Materials and methods: A multicenter, waitlisted randomized controlled trial was conducted for children (5-18 years) with urinary incontinence referred to tertiary pediatric continence clinics. Participants were randomized to the web-based eHealth program electronic Advice and Diagnosis Via the Internet following Computerized Evaluation (eADVICE), which used an embodied conversational agent to engage with the child at the time of referral (intervention) or 6 months later (control). The primary outcome was the proportion of participants requesting a clinic appointment at 6 months. Secondary outcomes included persistent incontinence, and the Paediatric incontinence Questionnaire (PinQ) score.
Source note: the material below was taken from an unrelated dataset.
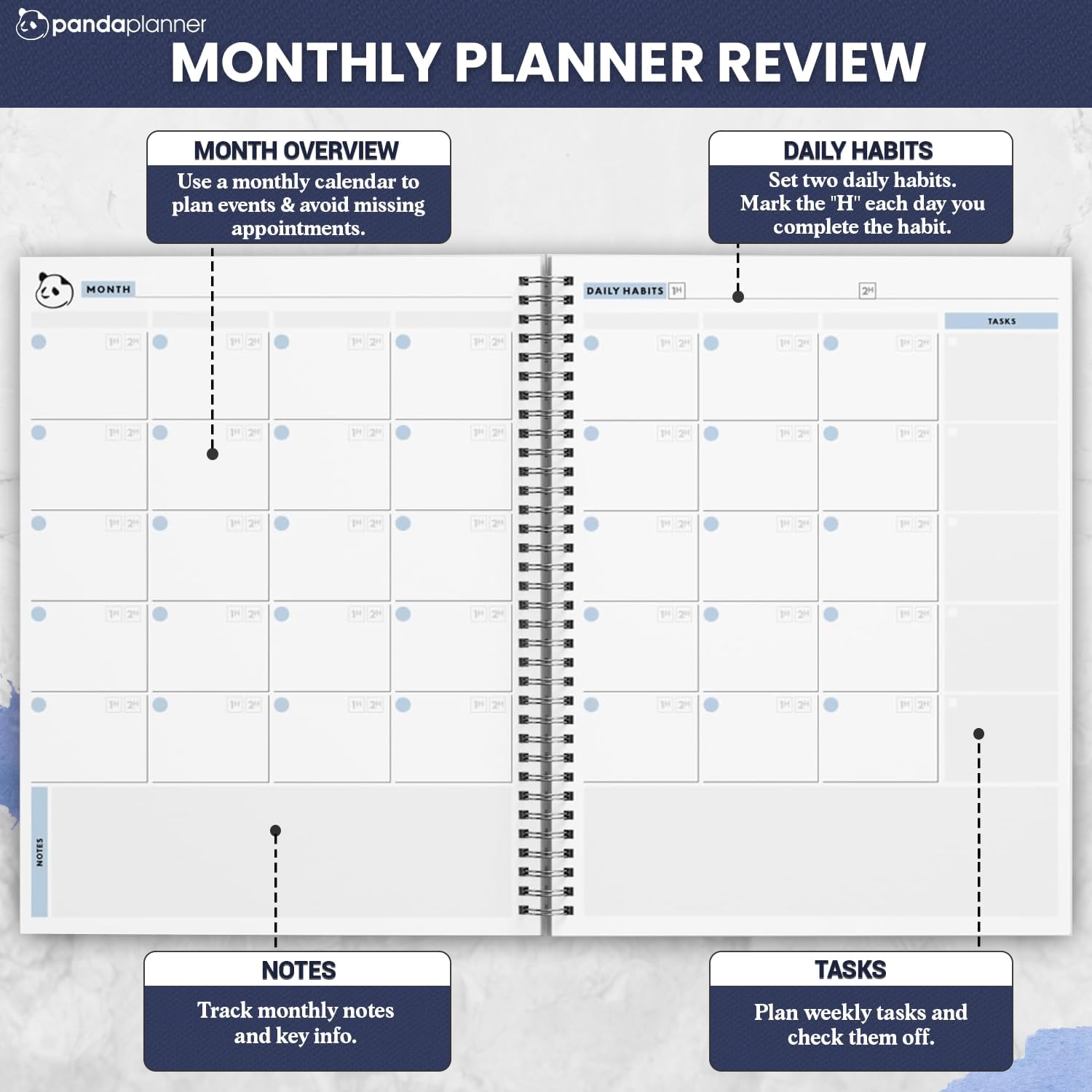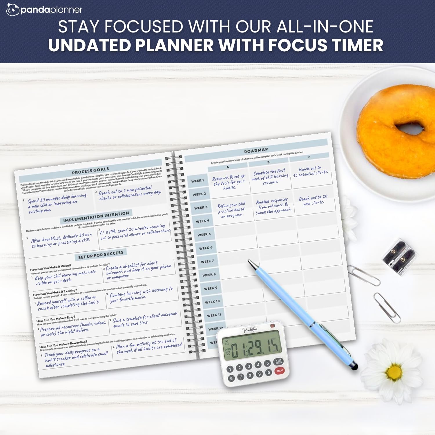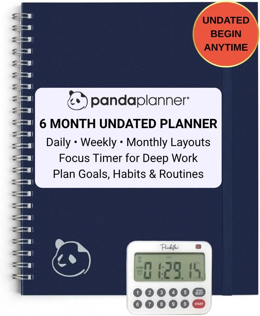 Panda Planner 2026 Ultimate Luxury 6-Month Undated Daily Planner with Focus Timer – Premium Spiral Bound Productivity & Academic Planner with Monthly, Weekly & Daily Layouts for Goal Setting, Habit Tracking, and Mental Clarity (Navy Linen)

Results: From 2018 to 2020, 239 children enrolled, with 120 randomized to eADVICE and 119 to the control arm. At baseline, participants' mean age was 8.8 years (SD 2.2), 62% were males, mean PinQ score was 5.3 (SD 2.2), 36% had daytime incontinence, and 97% had nocturnal enuresis. At 6 months, 78% of eADVICE participants vs 84% of controls requested a clinic visit (relative risk 0.92, 95% CI 0.79, 1.06, P = .3), and 23% eADVICE participants vs 10% controls were completely dry (relative risk 2.23, 95% CI 1.10, 4.50, P = .03). The adjusted mean PinQ score was 3.5 for eADVICE and 3.9 for controls (MD -0.37, 95% CI -0.71, -0.03, P = .03).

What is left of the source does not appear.